The trend is for healthcare decisions to be increasingly based on value, and this will include impacts on many areas. Health technology assessments are growing rapidly, using the familiar quality adjusted life year (QALY) but also newer measures, such as incremental cost effectiveness ratio (ICER) and the efficiency frontier from IQWIG in Germany. All these are, of course, outcome-based measures, and measuring a change in outcome is a complete witch's brew, according to Blansett. In addition, in Europe, there are not only multiple countries but, in the decentralized systems, multiple regions, too.


However, there is evidence of US models being taken up in Europe. Contracting, a familiar concept to US forecasters, is already in place in Germany, with interest coming from Spain and Italy. The UK has not taken up contracting, but has embraced risk sharing. There are also sophisticated risk sharing schemes in Italy and Germany.


But Blansett warns that these arrangements can have impacts on forecasts of sales volumes. Complexity is further driven by the science; he cites the fragmentation of lung cancer indications as an example. Genetic testing, in particular, has dramatically narrowed the indications for some drugs, generating what Blansett calls instant orphans.


Monte Carlo simulations


Todd R. Johnson, director of forecasting at Kantar Health, emphasizes that forecasters must think globally and act locally, particularly with regard to market research. Most surveys use the Internet, and in Europe consideration needs to be given to issues like random sampling, language, and local knowledge.


Inaccurate estimation of market share is a risk everywhere, but this may be country specific. For example, in Italy estimates are known to be over-optimistic, but perhaps pessimistic in Germany. So Johnson thinks it is unwise to use the same correction factor across Europe.

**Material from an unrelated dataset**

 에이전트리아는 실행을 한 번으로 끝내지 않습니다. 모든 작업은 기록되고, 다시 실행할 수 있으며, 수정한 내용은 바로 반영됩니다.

Likelihood to prescribe is a commonly used analogue, and this is also country-specific. Johnson says uptake curves vary across countries, leading to different times to peak sales.

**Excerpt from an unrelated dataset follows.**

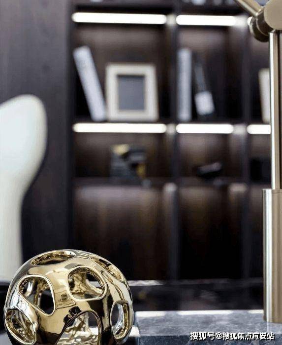 茶几上摆放着黄色金属的工艺品,通过材质的造型和线条,让空间显得更有设计感,同时也凸显出空间主人的精致和时尚。

This is where Monte Carlo simulations can help. The method calculates the probability of deviating outside the limits of forecasts, and is useful where there is more uncertainty, as in the EU. But he emphasizes that Monte Carlo simulations do not obviate the need for good quality forecasting you should reduce uncertainty as far as possible before doing the simulation. There will be different sets of competitors among countries, says Johnson, and it is all too easy to forget about currency fluctuations. His take-home messages: Tailor forecasts to each market's unique characteristics, use country-specific analogues (derived from databases of experience), and use Monte Carlo simulations where appropriate.